— Recorded data —
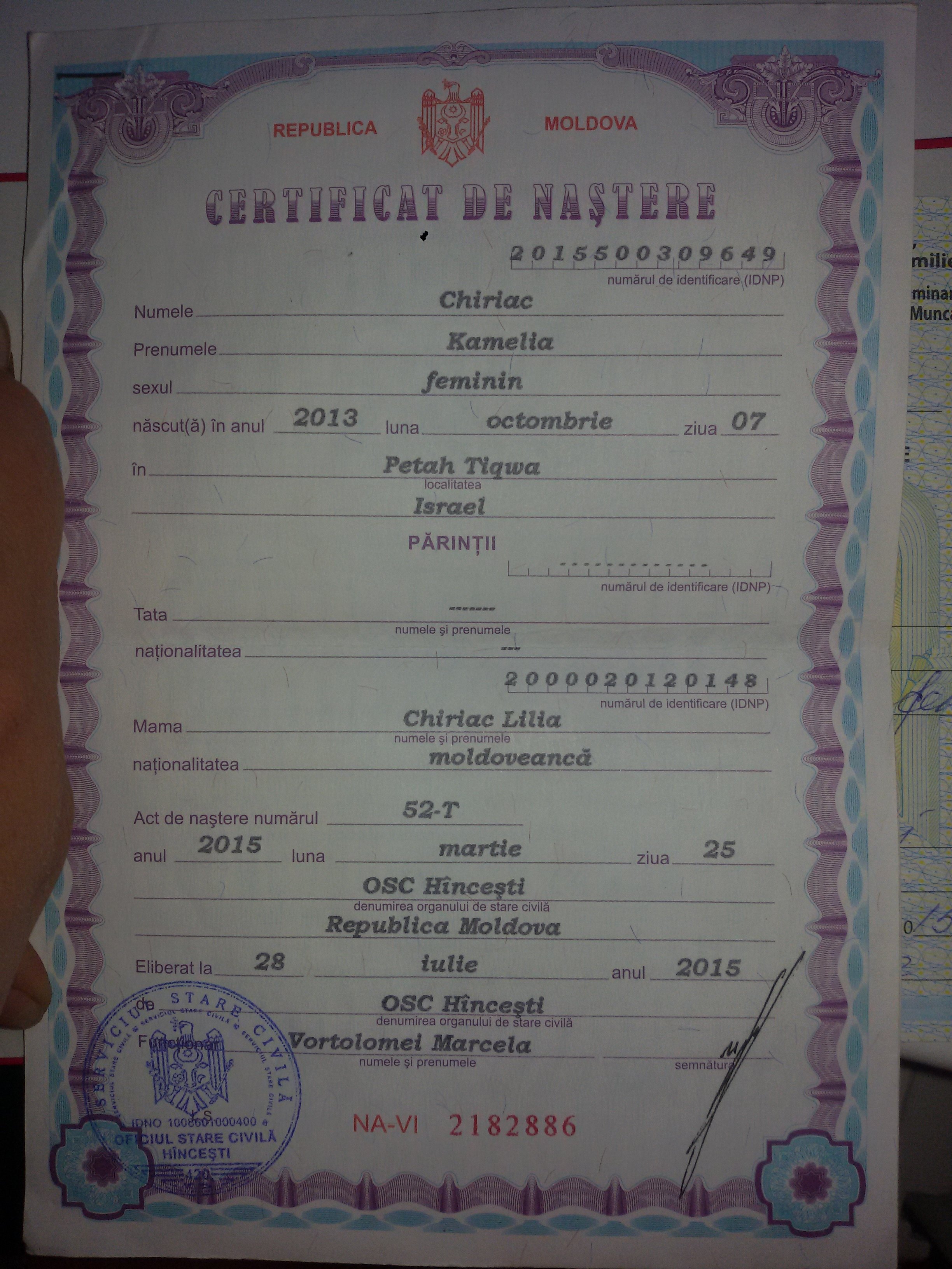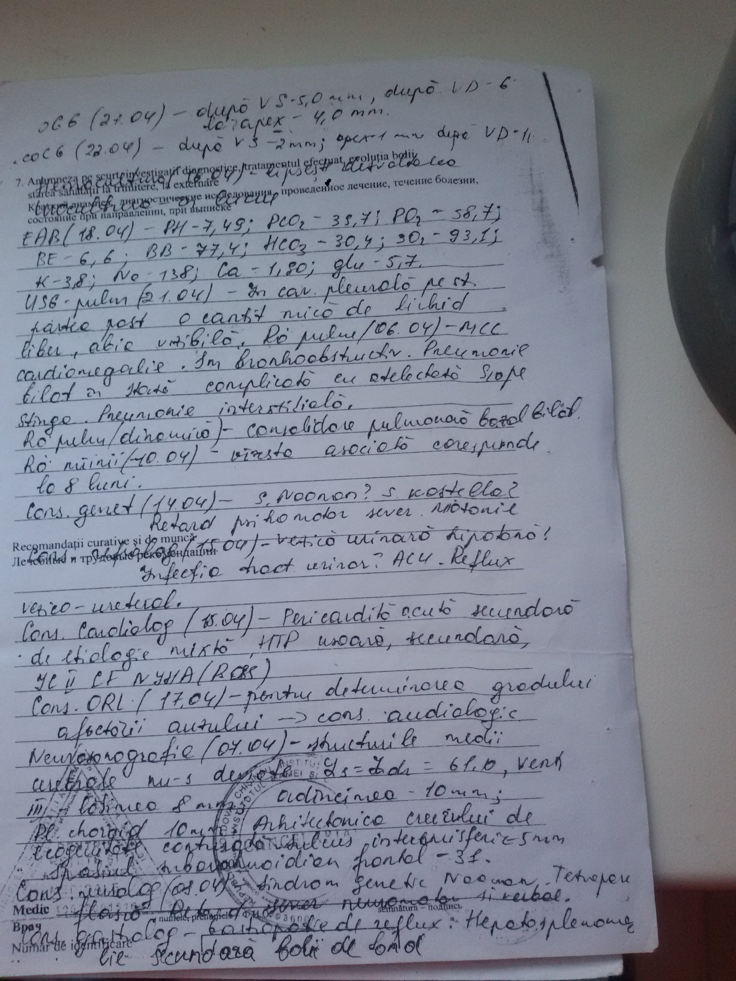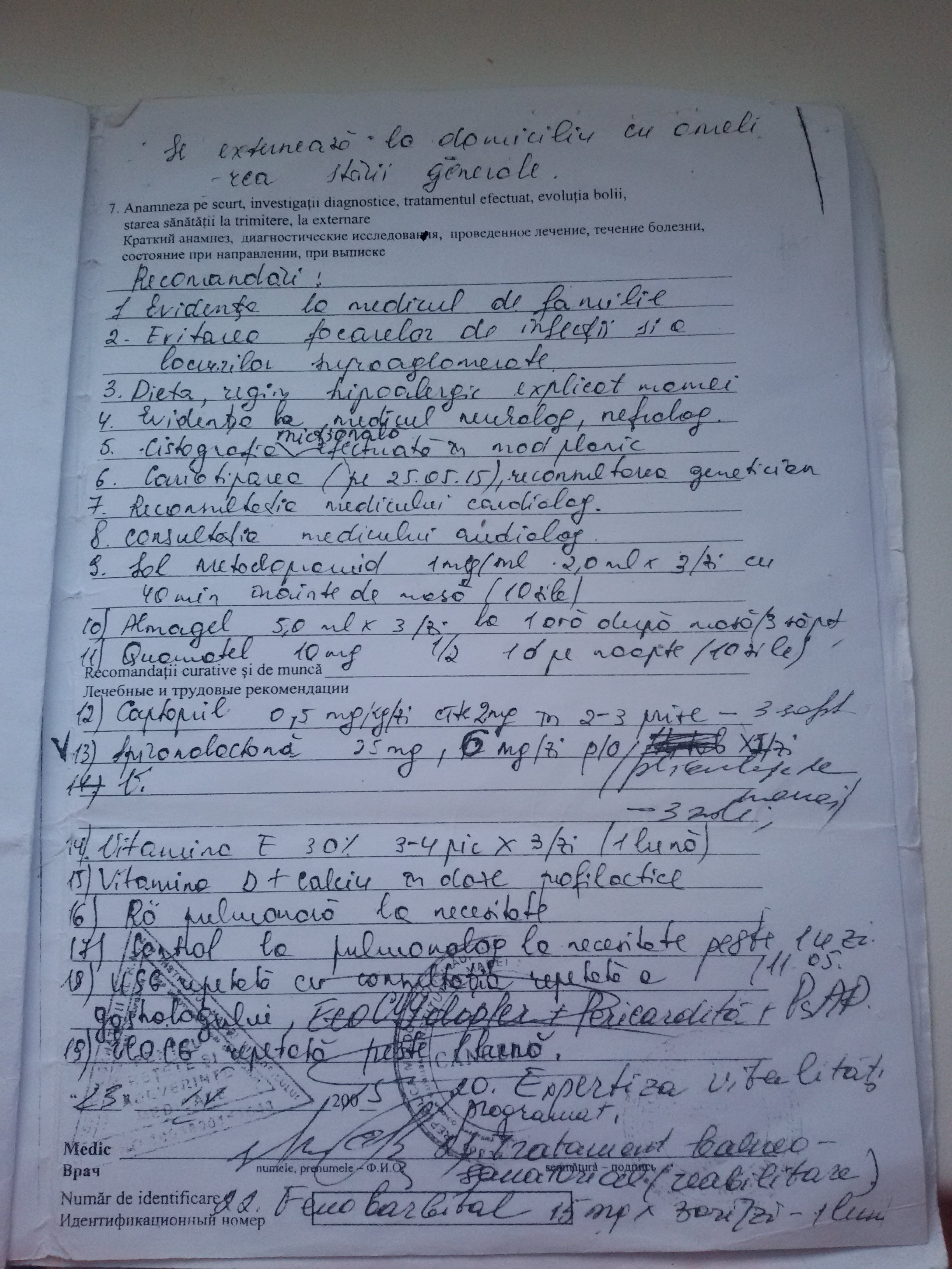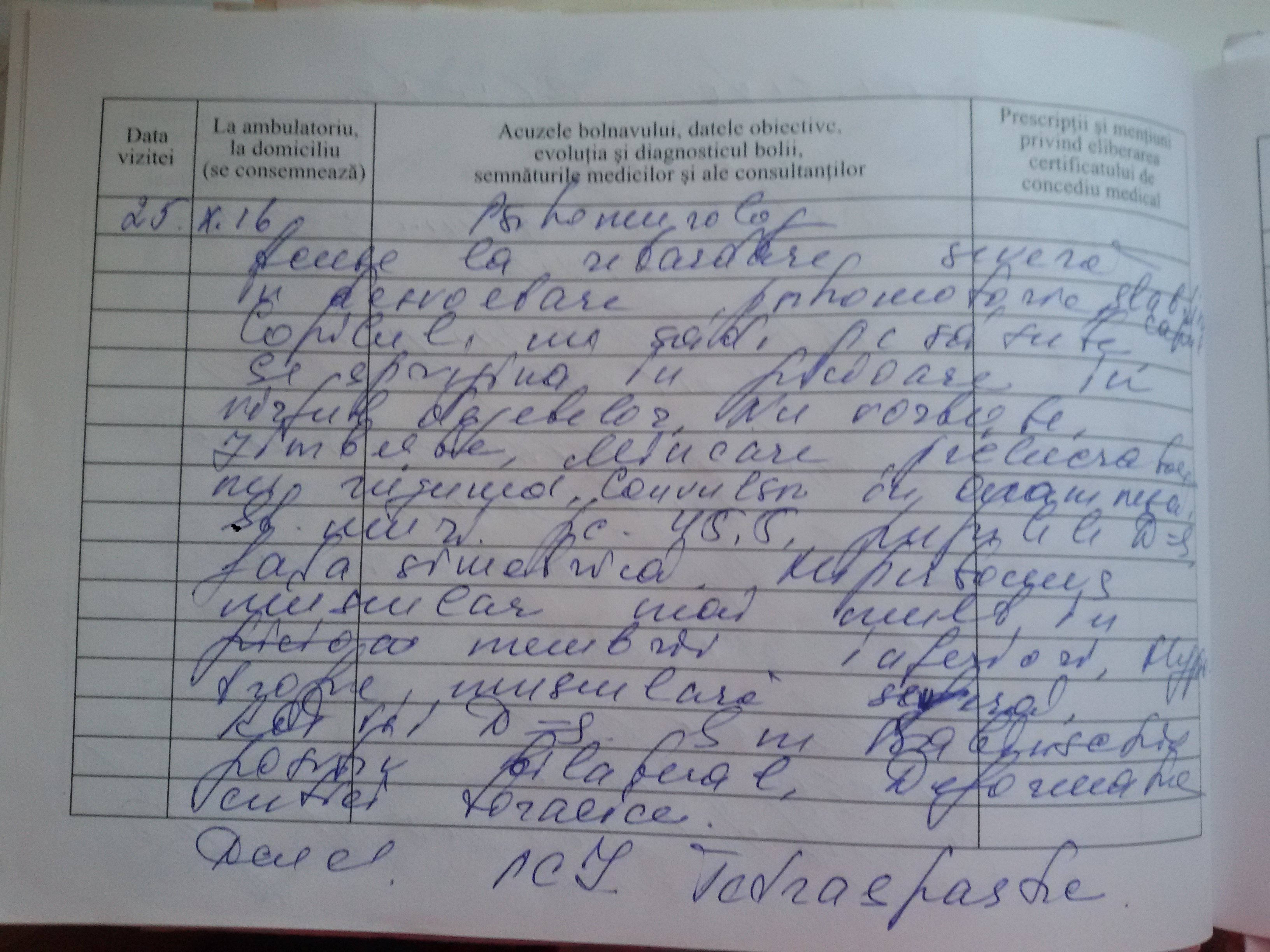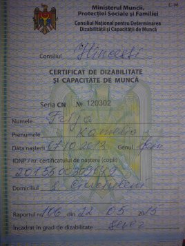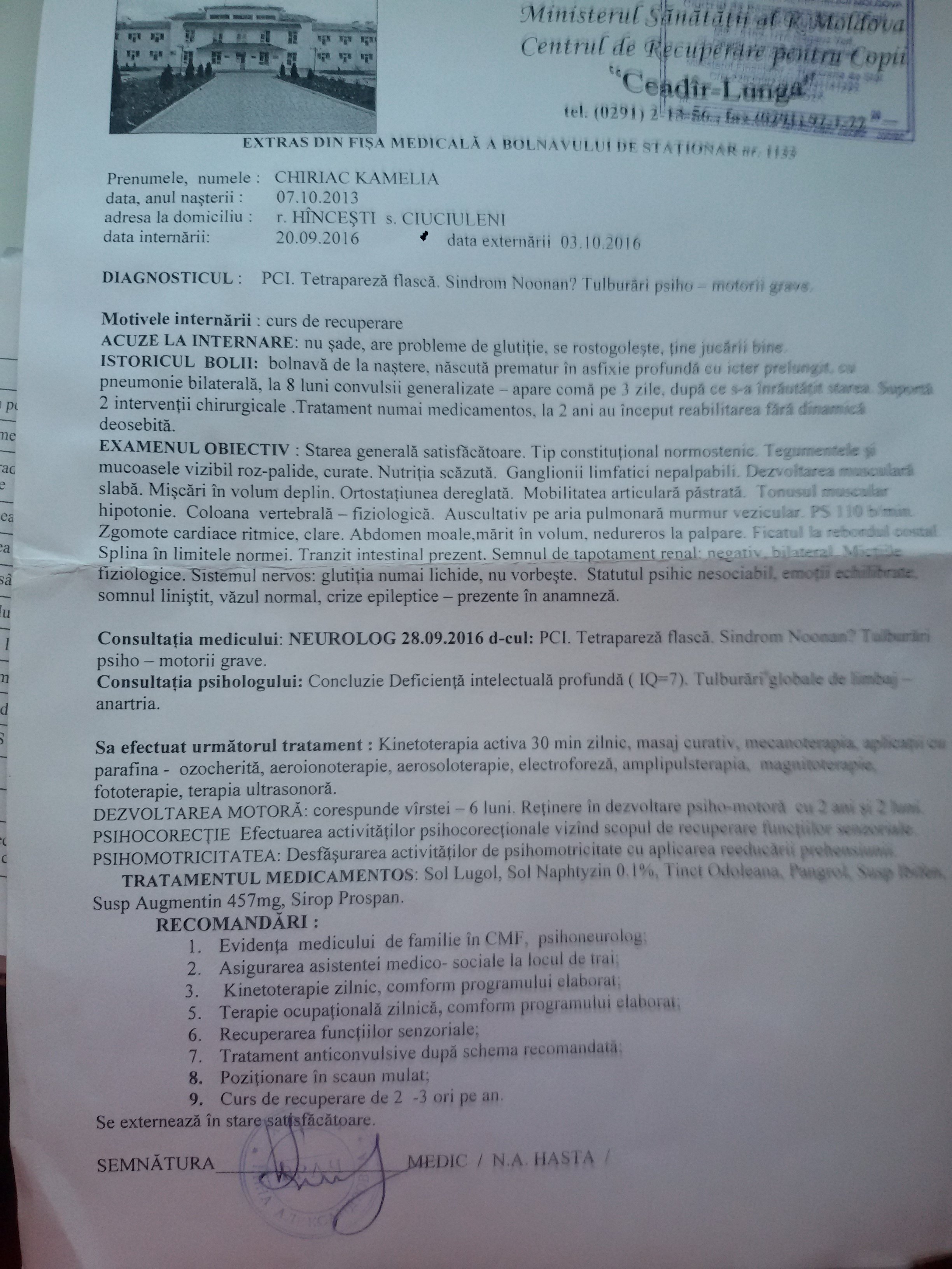 Fetița sa născut prematur la 32 săptămîni și cîntărea 1,700 kg nu a respirat la naștere și a fost conectată la aparate. Iar dupa o lună și jumate ne-am externat cu un pui de om de 2,500 kg. A fost bine, cu mici probleme dar a fost, numai că dupa opt luni a făcut convulsii și a ajuns în coma conectată din nou la aparate. Iar cînd și-a revenit, medicii ne-au spus că a suferit o asfixie și timpul va arata cît de gravă poate fi. Au trecut deja trei ani, iar consecințele s-au arătat rînd pe rînd - noi nu putem vorbi, nu mergem. Am început cu greu să stăm pe șezute. Pe scurt, fetița noastră e diagnosticată cu PCI și Tetrapareză flască retard psihomotor și verbal. Pîna acum am facut totul singuri că să înăintăm spre bine și să avem succese mici, dar noi ne bucurăm și de cele mici, pîna vor veni cele mari.
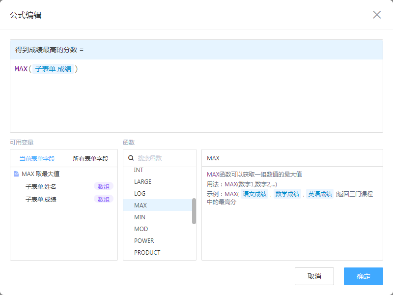 [number2], ... 数字字段、数值型 其他需要判断数组参数,非数字则按 0 处理
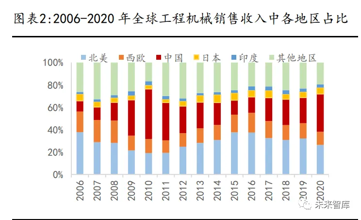 中国市场约占全球约 34%,海外市场空间广阔。从 2006-2020 年历史数据看, 中国在 2009 年金融危机后首次超于北美及欧洲,成为全球工程机械第一大市 场,此后,经历供给侧改革期间市场的萎缩,但 2017 年再度超越西欧,2020 年疫情后经济率先恢复,收入规模超越北美地区,重回全球第一大市场。不 过,海外工程机械约为国内市场规模的 2 倍,仍有广阔市场空间。 根据工程机械工业年鉴数据,2020 年全球工程机械销售收入 1013 亿美元中, 中国市场达到 341.6 亿美元,占比达到 33.7%,北美、西欧分别占比 26.4%、 11.8%,日本、印度占比 5.7%、2.9%,其他地区占比 19.5%。

— Problem statement —
Every line of the data is to be transcribed exactly, and no picture is to be included.

— Output below —
 Fetița sa născut prematur la 32 săptămîni și cîntărea 1,700 kg nu a respirat la naștere și a fost conectată la aparate. Iar dupa o lună și jumate ne-am externat cu un pui de om de 2,500 kg. A fost bine, cu mici probleme dar a fost, numai că dupa opt luni a făcut convulsii și a ajuns în coma conectată din nou la aparate. Iar cînd și-a revenit, medicii ne-au spus că a suferit o asfixie și timpul va arata cît de gravă poate fi. Au trecut deja trei ani, iar consecințele s-au arătat rînd pe rînd - noi nu putem vorbi, nu mergem. Am început cu greu să stăm pe șezute. Pe scurt, fetița noastră e diagnosticată cu PCI și Tetrapareză flască retard psihomotor și verbal. Pîna acum am facut totul singuri că să înăintăm spre bine și să avem succese mici, dar noi ne bucurăm și de cele mici, pîna vor veni cele mari.
 [number2], ... 数字字段、数值型 其他需要判断数组参数,非数字则按 0 处理
 中国市场约占全球约 34%,海外市场空间广阔。从 2006-2020 年历史数据看, 中国在 2009 年金融危机后首次超于北美及欧洲,成为全球工程机械第一大市 场,此后,经历供给侧改革期间市场的萎缩,但 2017 年再度超越西欧,2020 年疫情后经济率先恢复,收入规模超越北美地区,重回全球第一大市场。不 过,海外工程机械约为国内市场规模的 2 倍,仍有广阔市场空间。 根据工程机械工业年鉴数据,2020 年全球工程机械销售收入 1013 亿美元中, 中国市场达到 341.6 亿美元,占比达到 33.7%,北美、西欧分别占比 26.4%、 11.8%,日本、印度占比 5.7%、2.9%,其他地区占比 19.5%。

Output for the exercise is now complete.